Indian share markets traded on a positive note throughout the trading session and ended higher.
Benchmark indices turned volatile in the afternoon session but soon regained momentum, driven by strength in auto and energy stocks following positive global developments.
At the closing bell on Friday, the BSE Sensex higher by 260 points (up 0.4%).
Meanwhile, the NSE Nifty closed higher by 98 points (up 0.4%).
NTPC, Power Grid and Asian Paints were among the top gainers.
TCS, Infosys and Wipro, on the other hand, were among the top losers.
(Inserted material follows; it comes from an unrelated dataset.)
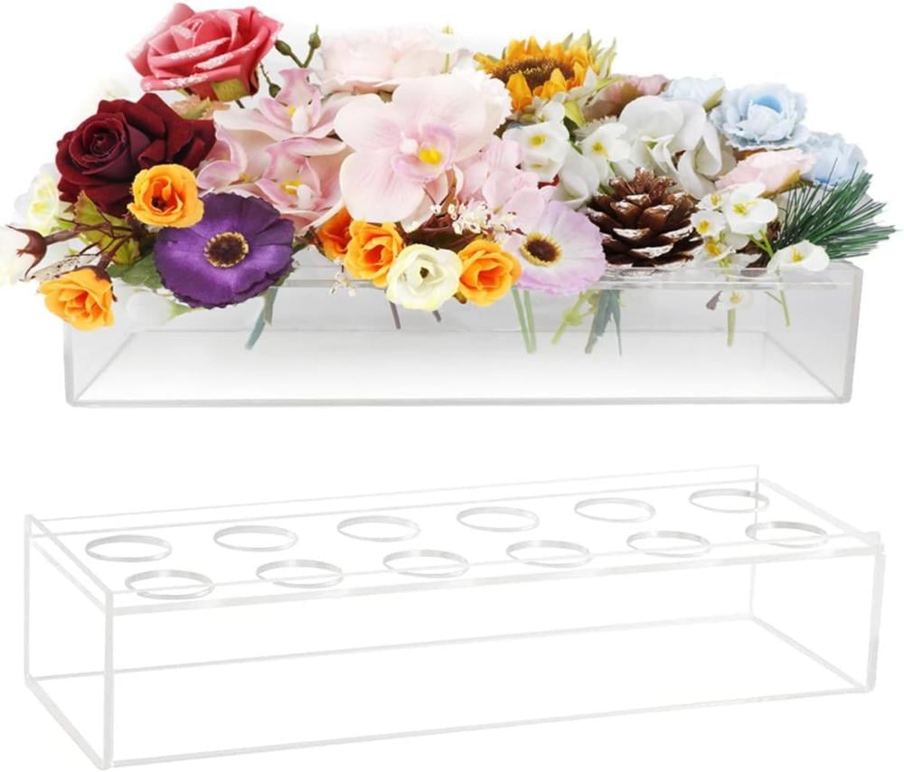مزهرية أكريليك عصرية بتصميم مستطيل أنيق تحتوي على 12 فتحة مخصصة لتنسيق الزهور 🌸

For impact of the Bank Nifty companies and comprehensive overview of the index, check out Equitymaster's Bank Nifty Companies list.
The BSE MidCap index and the BSE SmallCap index ended higher by 0.8%.
Sectoral indices ended mixed with stocks in the telecom sector, energy sector, FMCG sector and metal sector witnessing most of the buying.
While IT, banking and realty stocks witnessed selling.
Gold prices for the latest contract on MCX were up by 1.4% at Rs 72,700 per 10 grams at the time of Indian market closing hours on Friday.
At 7:40 AM today, the Gift Nifty was trading down by 45 points at 22,085 levels.
Indian share markets are headed for a negative start today following the trend on Gift Nifty.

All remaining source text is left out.